I’ve been on this weight loss journey since October 2010 – that’s a long time. Of course, before then, I tried every fad diet and failed miserably each time. However, in 2010, I found my a-ha moment, created habits and routines I could stick with, and finally got my weight under control. But here’s the thing…
Sometimes, even with all I know, I really suck at losing weight.
Sometimes my food is on point, I exercise regularly, and I feel and look great. Then, there are times I suck at it. Yep, I’ll admit it. My name is Tammy, owner of Organize Yourself Skinny, and sometimes I really suck at losing weight.
I’m human, not perfect, and I love all things cheese. #thestruggleisreal
If there’s one thing I’ve learned since 2010 it’s this – it’s important to recognize and hold myself accountable to the things that sabotage my weight loss goals. I’m not being hard on myself. I’m being truthful.
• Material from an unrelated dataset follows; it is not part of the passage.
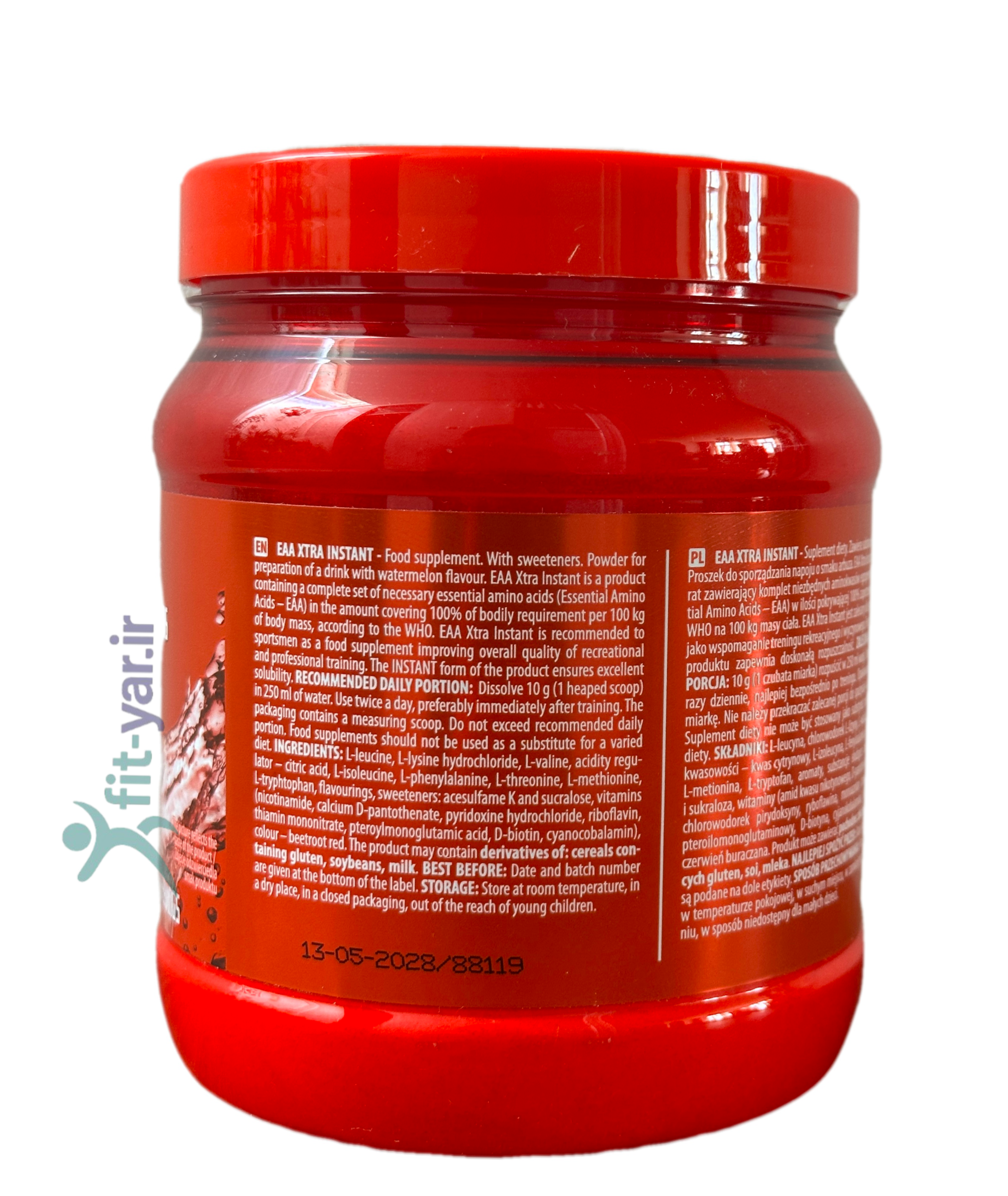 EAA EXTRA با فراهمکردن نسبت بالانس و علمی اسیدهای آمینه ضروری، به شما کمک میکند تا در طول تمرین و پس از آن، روند ریکاوری سریعتر، کاهش خستگی عضلانی و حمایت از سنتز پروتئین را تجربه کنید. این مکمل گزینهای ایدهآل برای ورزشکارانی است که میخواهند کیفیت تمرینات خود را بالا ببرند و حداکثر بهرهوری عضلانی را تجربه کنند—بدون اینکه نیاز به کالری یا افزودنیهای غیرضروری داشته باشند.

I (you) can’t change what I (you) don’t know.
With that said, here are 7 reasons I (we) sometimes suck at losing weight.
Keep in mind I don’t do these things all the time, but when I do, I struggle with my weight.
#1. I ignore the little bites
The moment I started to track my meals, the weight melted off. Controlling my portions and calories made more of a difference than exercising – for me, anyway. Don’t get me wrong, exercise matters, but if I want to lose weight and keep it off then my diet matters more.
Every week, I plan out and prep my meals. 96% of the time, I know what I’m eating all day every day. When I start to gain weight, I know it’s not the nutritious portion-controlled meals I have planned, but instead, it’s the little bites that add up. The extra creamer in my coffee, the couple bites while cooking dinner, the leftover pizza crust on my kid’s plate, and all the other little extras I enjoy without thinking. Those little bites add up quickly.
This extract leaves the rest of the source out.